Search code examples
c++language-lawyeratomic

Is synchronization relationship necessary to avoid the duplicate invocation of a function?


Consider this example:

#include <iostream>
#include <atomic>
#include <random>
#include <thread>
int need_close(){
   random_device rd;
   std::mt19937 gen(rd());
   uniform_int_distribution<int> distribute(0, 2);
   return distribute(gen);
}
void invoke(std::atomic<bool>& is_close){
    if(is_close.load(std::memory_order::relaxed)){  // #1
        return;
    }
    auto r = need_close();
    if(r==0){
        is_close.store(true,std::memory_order::relaxed);
    }
}
int main(){
    std::atomic<bool> is_close{false};
    std::thread t1([&](){
        for(auto i = 0; i<100000;i++)
        invoke(is_close);
    });
    std::thread t2([&](){
        for(auto i = 0; i<100000;i++)
        invoke(is_close);
    });
    t1.join();
    t2.join();
}

In this example, Is the relaxed ordering sufficient to avoid the call to need_close once the thread sees that is_close == true(not immediately, but at some time once the thread can read is_close==true)? In this example, It seems that I don't need the synchronization to avoid data-race because there is no conflict action in this example. However, from the compiler implementation, the compiler may reorder #1 to any place following it because relaxed is used here, for example, if #1 is moved to some place after the call point of need_close, the need_close will be always called again even though is_close is set to be true, which is not expected. So, I wonder whether Acquire/Release ordering is necessary to avoid compiler reordering the code to make the logic be expected?


Solution

  • Apparently what you really meant to ask is whether need_close can be called even if is_close.load(relaxed) returned true, due to the compiler moving the check later. Despite your edit leaving the title talking about "duplicate" invocation, as if there was something in this code that would otherwise prevent it from being called twice. (Which as comments and other answers discuss, there isn't, you can get multiple invocations even with seq_cst.)

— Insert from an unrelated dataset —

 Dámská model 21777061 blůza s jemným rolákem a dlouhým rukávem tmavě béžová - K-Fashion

    The cardinal rule of out-of-order exec by CPUs, and of compile-time reordering, is that it must not break single-threaded code.

    If is_close.load() is true, the early-out return runs, so nothing else in the function happens. This is sequenced before the call to need_close.

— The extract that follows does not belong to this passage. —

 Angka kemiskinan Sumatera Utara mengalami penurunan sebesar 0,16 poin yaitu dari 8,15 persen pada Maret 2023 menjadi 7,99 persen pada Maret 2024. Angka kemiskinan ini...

    Compilers can't just arbitrarily shuffle source lines (which isn't how they optimize anyway), they have to respect sequencing to not break single-threaded programs, and the sequenced-before rules for multi-threaded programs.

    The CPU might fetch and decode the machine code for need_close() in the shadow of a mispredicted branch (which can happen in a single-threaded program), but the end result has to be as if the code ran in program order with is_close.load() having produced whatever value.

    relaxed means that value didn't have to be ready until after we've read and/or written some other things, but practically that will happen via out-of-order speculative execution by the CPU (which can discard mis-speculated work when it rolls back to a consistent state after a mispredict), not by the compiler statically reordering things in ways such that visible side-effects happen differently from the abstract machine if there are no other threads running.

    Since your need_close() has visible side-effects (I/O in the form of constructing and reading from a std::random_device object), in this case there's not anything the compiler could usefully do unconditionally.


    Who's afraid of a big bad optimizing compiler? on LWN talks about some practical examples of compile-time reordering, including some subtle and interesting ones, but also some of the limitations of what compilers must not do.

    See also https://preshing.com/20120625/memory-ordering-at-compile-time/ and Preshing's other articles to get a better understanding of how to think about this stuff.